Task material
* * *
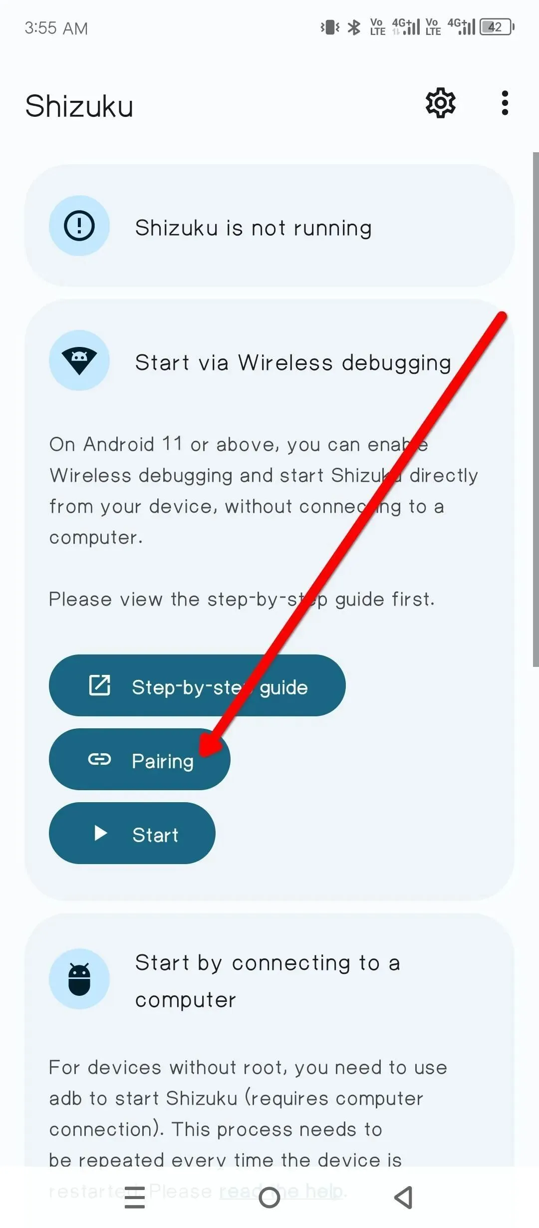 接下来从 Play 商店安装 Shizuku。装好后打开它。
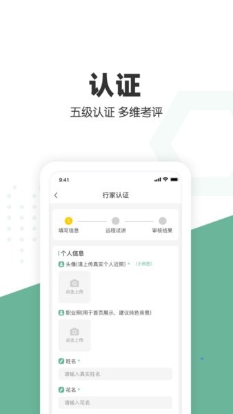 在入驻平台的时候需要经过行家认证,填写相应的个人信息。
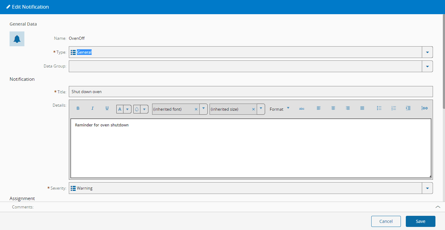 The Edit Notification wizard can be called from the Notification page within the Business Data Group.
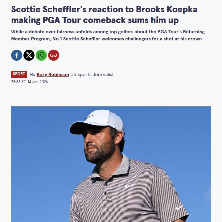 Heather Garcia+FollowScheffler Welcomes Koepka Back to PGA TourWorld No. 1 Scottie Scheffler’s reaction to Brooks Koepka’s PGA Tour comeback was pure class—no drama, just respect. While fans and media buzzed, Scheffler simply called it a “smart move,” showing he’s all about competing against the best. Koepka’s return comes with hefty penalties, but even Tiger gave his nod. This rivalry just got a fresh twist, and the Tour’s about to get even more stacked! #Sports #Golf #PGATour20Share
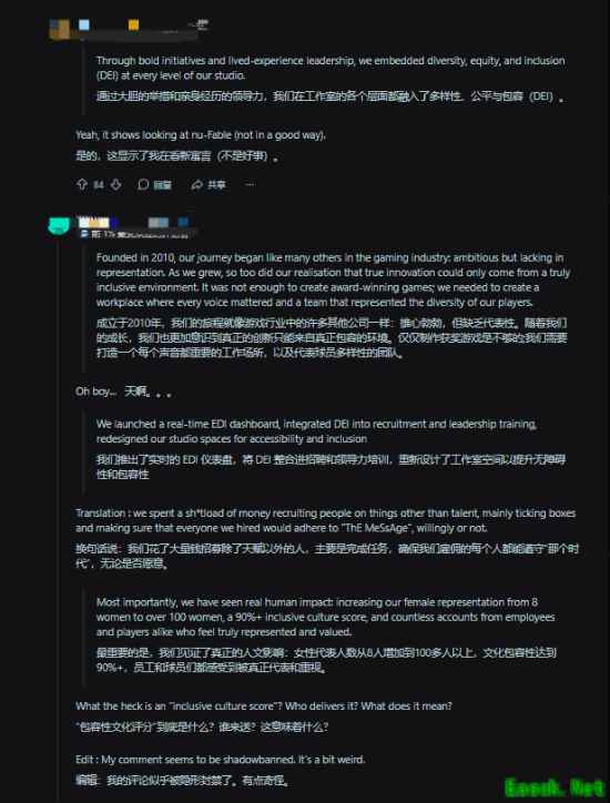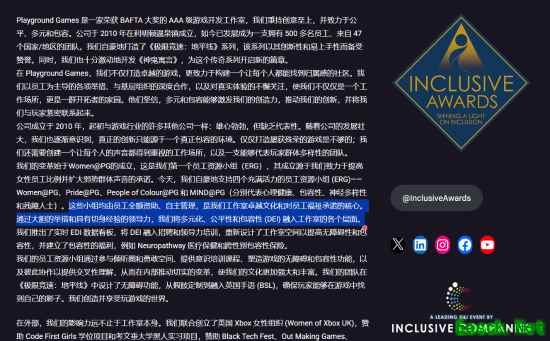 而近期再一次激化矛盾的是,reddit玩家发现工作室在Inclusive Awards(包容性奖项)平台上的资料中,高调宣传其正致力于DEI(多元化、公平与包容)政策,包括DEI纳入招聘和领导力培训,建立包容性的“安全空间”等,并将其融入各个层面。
* * *
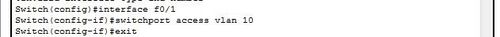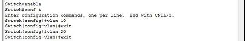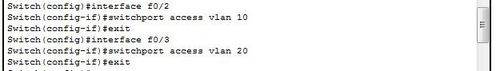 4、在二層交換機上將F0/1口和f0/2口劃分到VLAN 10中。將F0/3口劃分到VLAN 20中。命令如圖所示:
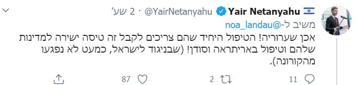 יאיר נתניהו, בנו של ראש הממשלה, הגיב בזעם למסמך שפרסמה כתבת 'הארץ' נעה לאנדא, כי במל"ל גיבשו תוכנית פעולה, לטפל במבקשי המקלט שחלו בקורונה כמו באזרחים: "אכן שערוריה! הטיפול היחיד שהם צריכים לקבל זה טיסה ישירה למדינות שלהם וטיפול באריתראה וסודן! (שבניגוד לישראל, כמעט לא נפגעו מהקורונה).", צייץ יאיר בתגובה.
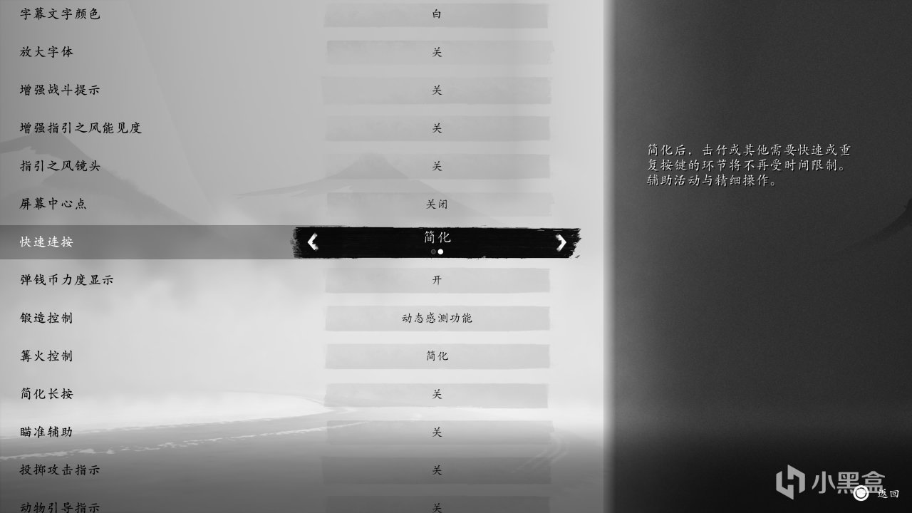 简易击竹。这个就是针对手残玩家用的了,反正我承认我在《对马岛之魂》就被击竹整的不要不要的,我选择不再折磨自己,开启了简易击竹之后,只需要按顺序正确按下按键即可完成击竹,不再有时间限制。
* * *
What is needed
Return exactly the stretch above whose first line contains "Heather Garcia+FollowScheffler Welcomes" and whose last line contains "而近期再一次激化矛盾的是,r", and nothing outside it. The pictures should not appear.

Output of the task
 Heather Garcia+FollowScheffler Welcomes Koepka Back to PGA TourWorld No. 1 Scottie Scheffler’s reaction to Brooks Koepka’s PGA Tour comeback was pure class—no drama, just respect. While fans and media buzzed, Scheffler simply called it a “smart move,” showing he’s all about competing against the best. Koepka’s return comes with hefty penalties, but even Tiger gave his nod. This rivalry just got a fresh twist, and the Tour’s about to get even more stacked! #Sports #Golf #PGATour20Share
 而近期再一次激化矛盾的是,reddit玩家发现工作室在Inclusive Awards(包容性奖项)平台上的资料中,高调宣传其正致力于DEI(多元化、公平与包容)政策,包括DEI纳入招聘和领导力培训,建立包容性的“安全空间”等,并将其融入各个层面。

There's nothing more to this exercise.